▶ [Description of the task] From the listing below, reproduce word for word the part that opens with the line containing "本科生第三党支部书记胡志超老" and closes with the line containing "For this product"; reproduce nothing else.

▶ [Dataset records]
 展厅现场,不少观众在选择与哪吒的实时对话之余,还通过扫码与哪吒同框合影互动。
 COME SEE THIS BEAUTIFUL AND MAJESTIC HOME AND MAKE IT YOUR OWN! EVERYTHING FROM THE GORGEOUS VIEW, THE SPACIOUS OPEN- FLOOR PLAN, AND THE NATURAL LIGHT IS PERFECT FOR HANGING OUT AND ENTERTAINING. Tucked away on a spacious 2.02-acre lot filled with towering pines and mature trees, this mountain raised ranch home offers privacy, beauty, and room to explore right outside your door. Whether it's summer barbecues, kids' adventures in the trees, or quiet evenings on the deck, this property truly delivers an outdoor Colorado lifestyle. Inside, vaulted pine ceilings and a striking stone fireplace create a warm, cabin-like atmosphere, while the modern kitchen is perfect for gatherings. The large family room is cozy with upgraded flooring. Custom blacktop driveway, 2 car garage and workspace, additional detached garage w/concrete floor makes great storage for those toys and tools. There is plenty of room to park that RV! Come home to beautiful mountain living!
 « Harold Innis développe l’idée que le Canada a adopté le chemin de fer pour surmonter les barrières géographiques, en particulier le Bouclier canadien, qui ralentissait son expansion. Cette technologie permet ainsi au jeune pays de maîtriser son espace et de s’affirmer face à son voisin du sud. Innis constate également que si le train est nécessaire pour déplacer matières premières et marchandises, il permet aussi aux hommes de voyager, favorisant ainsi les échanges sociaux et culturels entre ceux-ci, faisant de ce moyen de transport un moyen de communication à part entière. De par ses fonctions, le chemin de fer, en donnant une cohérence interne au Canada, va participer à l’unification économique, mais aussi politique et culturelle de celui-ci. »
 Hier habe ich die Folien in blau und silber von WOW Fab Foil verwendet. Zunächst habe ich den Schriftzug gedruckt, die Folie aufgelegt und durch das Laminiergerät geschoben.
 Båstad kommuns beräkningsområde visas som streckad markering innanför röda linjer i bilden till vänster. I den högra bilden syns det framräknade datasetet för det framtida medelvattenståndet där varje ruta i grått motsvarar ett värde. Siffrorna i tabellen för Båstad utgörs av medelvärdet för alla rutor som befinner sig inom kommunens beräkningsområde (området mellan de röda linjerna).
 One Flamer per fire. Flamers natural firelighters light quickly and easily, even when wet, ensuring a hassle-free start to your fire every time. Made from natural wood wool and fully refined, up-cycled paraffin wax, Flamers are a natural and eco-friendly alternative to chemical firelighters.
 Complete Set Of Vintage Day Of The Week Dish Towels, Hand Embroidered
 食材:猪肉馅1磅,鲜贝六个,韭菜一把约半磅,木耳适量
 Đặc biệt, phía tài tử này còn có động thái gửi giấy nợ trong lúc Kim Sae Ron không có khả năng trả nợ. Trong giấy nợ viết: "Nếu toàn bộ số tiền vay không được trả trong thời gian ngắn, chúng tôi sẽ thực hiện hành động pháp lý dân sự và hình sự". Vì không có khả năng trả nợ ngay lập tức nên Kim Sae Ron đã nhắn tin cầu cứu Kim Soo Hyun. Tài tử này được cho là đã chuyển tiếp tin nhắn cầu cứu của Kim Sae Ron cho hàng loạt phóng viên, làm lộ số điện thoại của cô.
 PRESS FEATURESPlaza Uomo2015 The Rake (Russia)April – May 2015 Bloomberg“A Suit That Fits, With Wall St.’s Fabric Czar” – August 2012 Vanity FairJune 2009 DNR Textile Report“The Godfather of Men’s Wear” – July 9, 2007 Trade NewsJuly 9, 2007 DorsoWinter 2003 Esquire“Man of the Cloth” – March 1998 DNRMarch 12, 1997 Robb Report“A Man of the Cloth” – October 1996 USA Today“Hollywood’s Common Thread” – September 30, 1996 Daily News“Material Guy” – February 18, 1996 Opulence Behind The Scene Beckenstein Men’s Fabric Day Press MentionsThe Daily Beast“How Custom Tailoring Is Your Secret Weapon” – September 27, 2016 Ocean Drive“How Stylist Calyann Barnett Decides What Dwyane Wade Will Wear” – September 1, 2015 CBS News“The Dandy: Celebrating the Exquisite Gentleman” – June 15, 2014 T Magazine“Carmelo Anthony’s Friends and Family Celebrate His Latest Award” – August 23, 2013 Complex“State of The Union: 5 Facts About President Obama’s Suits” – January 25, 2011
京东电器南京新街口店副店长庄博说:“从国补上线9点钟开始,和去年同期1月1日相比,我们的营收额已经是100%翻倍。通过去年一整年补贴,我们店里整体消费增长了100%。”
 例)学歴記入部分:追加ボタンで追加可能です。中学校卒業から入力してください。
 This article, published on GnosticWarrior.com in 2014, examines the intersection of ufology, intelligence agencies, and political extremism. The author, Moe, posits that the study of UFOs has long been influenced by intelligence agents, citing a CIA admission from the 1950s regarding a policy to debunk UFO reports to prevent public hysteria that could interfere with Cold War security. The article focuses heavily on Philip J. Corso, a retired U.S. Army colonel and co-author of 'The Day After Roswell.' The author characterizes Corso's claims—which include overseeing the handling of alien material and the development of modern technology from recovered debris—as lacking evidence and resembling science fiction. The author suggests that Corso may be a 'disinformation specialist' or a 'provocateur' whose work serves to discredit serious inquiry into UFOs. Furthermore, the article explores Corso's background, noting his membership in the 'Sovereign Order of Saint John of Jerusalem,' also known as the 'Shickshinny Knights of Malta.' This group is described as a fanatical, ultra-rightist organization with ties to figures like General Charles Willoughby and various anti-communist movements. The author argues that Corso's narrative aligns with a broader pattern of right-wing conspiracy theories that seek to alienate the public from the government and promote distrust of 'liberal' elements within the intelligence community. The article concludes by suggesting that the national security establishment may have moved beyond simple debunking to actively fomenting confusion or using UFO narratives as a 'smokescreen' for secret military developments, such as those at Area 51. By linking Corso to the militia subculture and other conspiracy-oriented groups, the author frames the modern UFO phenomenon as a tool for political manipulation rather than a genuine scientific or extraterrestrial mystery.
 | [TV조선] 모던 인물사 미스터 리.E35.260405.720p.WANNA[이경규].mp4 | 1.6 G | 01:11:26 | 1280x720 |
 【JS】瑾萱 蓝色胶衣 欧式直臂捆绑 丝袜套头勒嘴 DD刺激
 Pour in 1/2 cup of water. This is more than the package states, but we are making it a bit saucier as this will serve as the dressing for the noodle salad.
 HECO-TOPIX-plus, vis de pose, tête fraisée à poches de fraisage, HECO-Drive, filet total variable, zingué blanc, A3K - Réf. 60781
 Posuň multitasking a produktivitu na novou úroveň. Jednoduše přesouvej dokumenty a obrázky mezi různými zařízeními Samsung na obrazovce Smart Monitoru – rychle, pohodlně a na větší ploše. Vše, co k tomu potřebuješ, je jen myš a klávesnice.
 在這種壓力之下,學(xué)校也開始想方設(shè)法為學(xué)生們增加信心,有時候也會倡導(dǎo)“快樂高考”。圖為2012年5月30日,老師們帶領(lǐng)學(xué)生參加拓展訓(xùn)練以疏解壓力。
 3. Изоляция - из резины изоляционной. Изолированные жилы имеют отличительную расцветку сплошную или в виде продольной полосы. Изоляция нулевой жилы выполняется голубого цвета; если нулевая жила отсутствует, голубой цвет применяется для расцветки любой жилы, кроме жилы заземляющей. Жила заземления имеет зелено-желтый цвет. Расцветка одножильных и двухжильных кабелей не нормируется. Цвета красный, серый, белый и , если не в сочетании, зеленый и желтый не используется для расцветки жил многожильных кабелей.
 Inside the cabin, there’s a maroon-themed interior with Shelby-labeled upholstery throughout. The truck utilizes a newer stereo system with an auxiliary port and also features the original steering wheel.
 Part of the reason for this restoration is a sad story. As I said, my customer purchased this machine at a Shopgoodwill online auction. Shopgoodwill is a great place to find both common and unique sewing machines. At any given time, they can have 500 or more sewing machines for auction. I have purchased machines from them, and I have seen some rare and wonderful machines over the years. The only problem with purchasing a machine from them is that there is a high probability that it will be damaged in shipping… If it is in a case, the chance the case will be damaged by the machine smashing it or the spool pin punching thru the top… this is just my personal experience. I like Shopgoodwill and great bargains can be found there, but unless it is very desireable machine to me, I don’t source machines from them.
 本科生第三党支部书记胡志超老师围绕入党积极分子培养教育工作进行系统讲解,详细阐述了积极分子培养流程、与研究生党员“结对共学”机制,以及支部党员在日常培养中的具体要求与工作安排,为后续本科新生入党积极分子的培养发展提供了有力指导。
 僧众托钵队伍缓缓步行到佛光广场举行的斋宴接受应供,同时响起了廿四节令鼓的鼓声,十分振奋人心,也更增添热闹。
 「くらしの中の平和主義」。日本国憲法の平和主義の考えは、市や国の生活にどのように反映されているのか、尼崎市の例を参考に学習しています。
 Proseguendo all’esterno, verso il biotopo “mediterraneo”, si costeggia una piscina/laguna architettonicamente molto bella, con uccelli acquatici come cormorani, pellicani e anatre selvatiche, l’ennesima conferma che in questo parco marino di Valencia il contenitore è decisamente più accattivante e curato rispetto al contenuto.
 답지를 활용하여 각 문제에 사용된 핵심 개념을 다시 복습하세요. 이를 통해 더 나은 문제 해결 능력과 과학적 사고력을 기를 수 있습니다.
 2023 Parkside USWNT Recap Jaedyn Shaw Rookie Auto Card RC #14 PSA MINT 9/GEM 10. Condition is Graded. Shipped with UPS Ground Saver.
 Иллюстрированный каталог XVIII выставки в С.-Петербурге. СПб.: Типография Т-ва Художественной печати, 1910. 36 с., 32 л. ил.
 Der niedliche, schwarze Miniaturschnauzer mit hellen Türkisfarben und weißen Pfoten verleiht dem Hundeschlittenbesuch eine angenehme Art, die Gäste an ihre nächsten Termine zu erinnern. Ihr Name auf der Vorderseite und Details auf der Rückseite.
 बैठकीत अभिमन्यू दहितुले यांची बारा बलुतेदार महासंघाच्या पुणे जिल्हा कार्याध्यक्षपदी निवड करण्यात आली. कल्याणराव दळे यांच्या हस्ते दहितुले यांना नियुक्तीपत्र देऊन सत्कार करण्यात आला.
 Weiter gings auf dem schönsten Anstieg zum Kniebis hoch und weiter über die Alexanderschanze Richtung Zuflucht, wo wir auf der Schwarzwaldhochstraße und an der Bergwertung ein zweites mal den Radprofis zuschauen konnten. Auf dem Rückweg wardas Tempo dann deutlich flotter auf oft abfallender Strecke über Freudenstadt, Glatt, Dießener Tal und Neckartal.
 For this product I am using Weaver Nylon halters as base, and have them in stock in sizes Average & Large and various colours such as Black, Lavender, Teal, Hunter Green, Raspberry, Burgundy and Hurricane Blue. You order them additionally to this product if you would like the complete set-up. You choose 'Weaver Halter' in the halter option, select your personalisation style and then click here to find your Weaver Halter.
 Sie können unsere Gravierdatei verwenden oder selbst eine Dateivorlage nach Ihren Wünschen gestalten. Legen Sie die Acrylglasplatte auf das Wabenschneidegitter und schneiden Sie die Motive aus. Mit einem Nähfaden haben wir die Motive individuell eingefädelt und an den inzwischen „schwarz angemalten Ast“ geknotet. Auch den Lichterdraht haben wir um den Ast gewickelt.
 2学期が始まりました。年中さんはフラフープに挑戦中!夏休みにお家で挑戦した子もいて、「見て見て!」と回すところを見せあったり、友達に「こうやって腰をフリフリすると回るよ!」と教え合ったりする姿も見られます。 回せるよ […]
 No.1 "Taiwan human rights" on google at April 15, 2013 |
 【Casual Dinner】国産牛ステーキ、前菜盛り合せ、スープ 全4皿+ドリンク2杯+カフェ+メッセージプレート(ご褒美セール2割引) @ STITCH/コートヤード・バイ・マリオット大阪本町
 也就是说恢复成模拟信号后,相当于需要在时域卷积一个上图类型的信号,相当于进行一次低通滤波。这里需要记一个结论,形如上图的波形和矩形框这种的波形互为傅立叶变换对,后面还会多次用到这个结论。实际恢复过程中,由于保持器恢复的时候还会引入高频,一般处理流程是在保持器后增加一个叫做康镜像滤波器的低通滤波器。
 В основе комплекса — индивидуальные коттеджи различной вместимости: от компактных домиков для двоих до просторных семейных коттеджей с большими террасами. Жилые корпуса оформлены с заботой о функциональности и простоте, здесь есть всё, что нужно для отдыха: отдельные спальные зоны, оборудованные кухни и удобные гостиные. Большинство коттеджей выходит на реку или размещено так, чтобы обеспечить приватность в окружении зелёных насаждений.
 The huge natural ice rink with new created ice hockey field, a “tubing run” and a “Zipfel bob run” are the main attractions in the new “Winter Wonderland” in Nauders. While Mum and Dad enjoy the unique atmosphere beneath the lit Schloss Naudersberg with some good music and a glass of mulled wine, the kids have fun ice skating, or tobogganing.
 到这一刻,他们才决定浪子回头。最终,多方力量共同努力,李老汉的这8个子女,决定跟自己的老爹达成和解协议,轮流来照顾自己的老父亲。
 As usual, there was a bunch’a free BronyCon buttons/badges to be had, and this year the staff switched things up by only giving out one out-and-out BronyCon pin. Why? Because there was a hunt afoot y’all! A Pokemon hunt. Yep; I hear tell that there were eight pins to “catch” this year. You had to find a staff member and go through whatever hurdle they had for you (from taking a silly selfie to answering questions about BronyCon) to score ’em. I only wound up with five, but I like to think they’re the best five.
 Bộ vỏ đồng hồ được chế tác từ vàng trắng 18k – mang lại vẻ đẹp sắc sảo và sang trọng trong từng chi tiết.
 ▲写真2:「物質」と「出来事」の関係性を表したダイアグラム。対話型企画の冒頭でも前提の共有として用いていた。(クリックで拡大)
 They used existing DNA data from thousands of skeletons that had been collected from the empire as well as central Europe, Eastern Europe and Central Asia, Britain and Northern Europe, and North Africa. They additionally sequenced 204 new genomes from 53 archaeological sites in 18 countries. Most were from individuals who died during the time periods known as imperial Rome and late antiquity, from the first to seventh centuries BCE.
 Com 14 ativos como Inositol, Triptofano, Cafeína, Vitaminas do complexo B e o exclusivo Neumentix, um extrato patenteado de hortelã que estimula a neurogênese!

▶ [Response for this exercise]
 本科生第三党支部书记胡志超老师围绕入党积极分子培养教育工作进行系统讲解,详细阐述了积极分子培养流程、与研究生党员“结对共学”机制,以及支部党员在日常培养中的具体要求与工作安排,为后续本科新生入党积极分子的培养发展提供了有力指导。
 僧众托钵队伍缓缓步行到佛光广场举行的斋宴接受应供,同时响起了廿四节令鼓的鼓声,十分振奋人心,也更增添热闹。
 「くらしの中の平和主義」。日本国憲法の平和主義の考えは、市や国の生活にどのように反映されているのか、尼崎市の例を参考に学習しています。
 Proseguendo all’esterno, verso il biotopo “mediterraneo”, si costeggia una piscina/laguna architettonicamente molto bella, con uccelli acquatici come cormorani, pellicani e anatre selvatiche, l’ennesima conferma che in questo parco marino di Valencia il contenitore è decisamente più accattivante e curato rispetto al contenuto.
 답지를 활용하여 각 문제에 사용된 핵심 개념을 다시 복습하세요. 이를 통해 더 나은 문제 해결 능력과 과학적 사고력을 기를 수 있습니다.
 2023 Parkside USWNT Recap Jaedyn Shaw Rookie Auto Card RC #14 PSA MINT 9/GEM 10. Condition is Graded. Shipped with UPS Ground Saver.
 Иллюстрированный каталог XVIII выставки в С.-Петербурге. СПб.: Типография Т-ва Художественной печати, 1910. 36 с., 32 л. ил.
 Der niedliche, schwarze Miniaturschnauzer mit hellen Türkisfarben und weißen Pfoten verleiht dem Hundeschlittenbesuch eine angenehme Art, die Gäste an ihre nächsten Termine zu erinnern. Ihr Name auf der Vorderseite und Details auf der Rückseite.
 बैठकीत अभिमन्यू दहितुले यांची बारा बलुतेदार महासंघाच्या पुणे जिल्हा कार्याध्यक्षपदी निवड करण्यात आली. कल्याणराव दळे यांच्या हस्ते दहितुले यांना नियुक्तीपत्र देऊन सत्कार करण्यात आला.
 Weiter gings auf dem schönsten Anstieg zum Kniebis hoch und weiter über die Alexanderschanze Richtung Zuflucht, wo wir auf der Schwarzwaldhochstraße und an der Bergwertung ein zweites mal den Radprofis zuschauen konnten. Auf dem Rückweg wardas Tempo dann deutlich flotter auf oft abfallender Strecke über Freudenstadt, Glatt, Dießener Tal und Neckartal.
 For this product I am using Weaver Nylon halters as base, and have them in stock in sizes Average & Large and various colours such as Black, Lavender, Teal, Hunter Green, Raspberry, Burgundy and Hurricane Blue. You order them additionally to this product if you would like the complete set-up. You choose 'Weaver Halter' in the halter option, select your personalisation style and then click here to find your Weaver Halter.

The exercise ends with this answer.